I understand that people here WANT it to happen and therefore discuss it as if
it WILL happen. Unfortunately reality is going to get in the way.

------
xrange
Yes, speaking of experiments, I don't see why the U.S. doesn't run a large
scale experiment to see what the effects of a basic income are. Select a small
but not insignificant demographic. Pay them a not-means-tested monthly
stipend. Since this is only a test, you should be able to pay for it with a
modest tax on paychecks for the rest of the citizens. Then wait a while, and
see what happens. We would want to make sure it cuts across a broad swath of
society, so that special interests don't wreck havoc when interpreting the
results. So we'd want rich and poor, of all races, etc.. We should then be
able to look at the recipients, and tell if they were more likely or less
likely to be employed. And we should be able to see if they spending their
time creating cutting-edge art, and new innovative music, while writing
inspiring novels, and discovering new scientific facts and mathematical
theorems.
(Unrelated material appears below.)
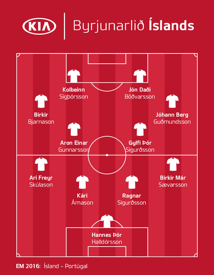 Byrjunarlið Íslands er komið en mesta umræðan hefur verið um hvaða sóknarlínu Ísland myndi nota í leiknum. Lars Lagerback og Heimir ákvaðu að breyta sem minnstu frá undankeppninni og notast við Kolbein Sigþórsson og Jón Daða Böðvarsson.
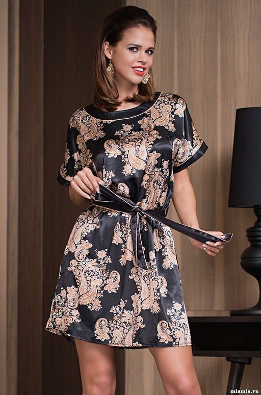Туника Mia-Amore со спущенными короткими рукавами длиной до колен выполнена из смесового принтованного шелкового полотна. Туника по линии декольте, по низу рукавов отделана кружевом. Модель регулируется по ширине принтованным поясом. Состав:70% натуральный шелк, 25% полиэстер, 5% эластан

To be doubly sure that we aren't merely papering over any medical
insurance issues (what with medical inflation and all), we might also create a
separate medical payment system to cover their medical expenses. Of course,
this should be a long running experiment, so that any short term economic and
societal effects will have time to average out. Let's propose to run this
experiment, for, I don't know, maybe 80 years.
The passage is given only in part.